(Problem statement)
Find the line below with "Eylül’de ülke uyruklarına" and the line with "Alla ricerca del". Output exactly those lines and everything between them, leaving out the pictures.
── Exercise material ──
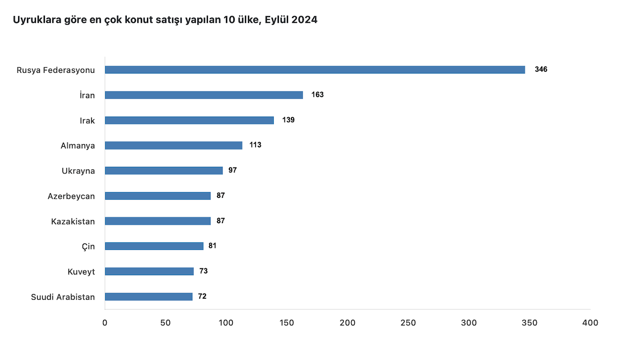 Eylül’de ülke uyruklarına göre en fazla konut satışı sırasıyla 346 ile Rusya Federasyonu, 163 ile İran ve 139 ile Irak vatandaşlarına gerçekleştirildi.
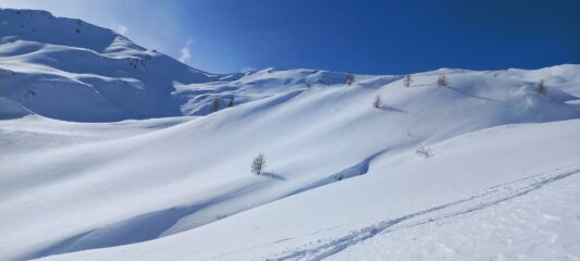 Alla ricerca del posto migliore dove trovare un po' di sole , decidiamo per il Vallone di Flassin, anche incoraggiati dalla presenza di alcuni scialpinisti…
───
── Exercise material ──
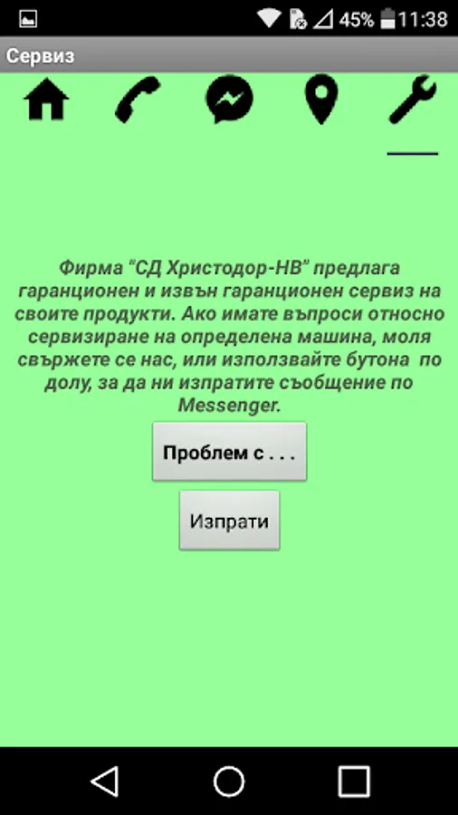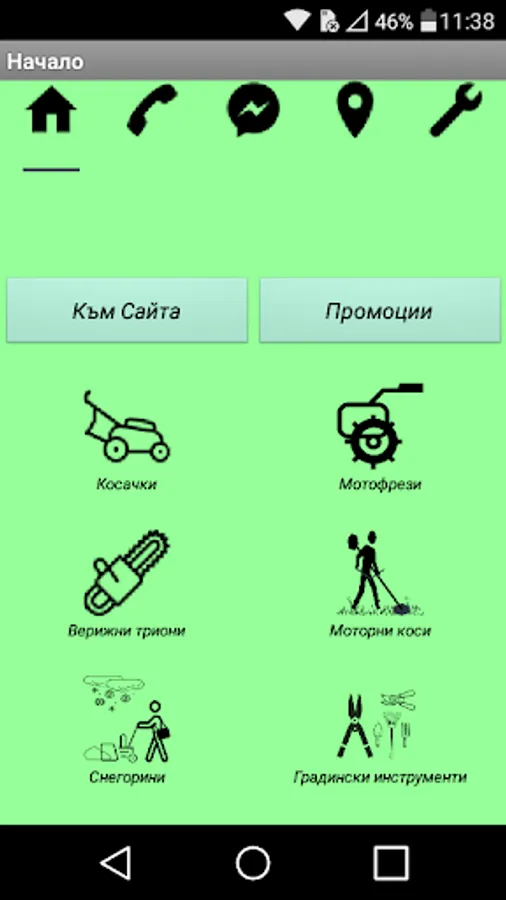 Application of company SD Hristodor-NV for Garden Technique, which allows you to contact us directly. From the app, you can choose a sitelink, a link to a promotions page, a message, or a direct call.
───
── Exercise material ──
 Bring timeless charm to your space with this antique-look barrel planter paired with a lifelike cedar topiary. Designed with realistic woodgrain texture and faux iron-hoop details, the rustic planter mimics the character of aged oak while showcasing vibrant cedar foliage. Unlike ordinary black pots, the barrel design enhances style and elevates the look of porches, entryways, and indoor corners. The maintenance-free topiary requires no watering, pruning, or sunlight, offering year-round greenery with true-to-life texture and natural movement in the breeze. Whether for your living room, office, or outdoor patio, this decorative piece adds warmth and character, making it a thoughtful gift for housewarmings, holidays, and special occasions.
───
(Answer for this exercise)
 Eylül’de ülke uyruklarına göre en fazla konut satışı sırasıyla 346 ile Rusya Federasyonu, 163 ile İran ve 139 ile Irak vatandaşlarına gerçekleştirildi.
 Alla ricerca del posto migliore dove trovare un po' di sole , decidiamo per il Vallone di Flassin, anche incoraggiati dalla presenza di alcuni scialpinisti…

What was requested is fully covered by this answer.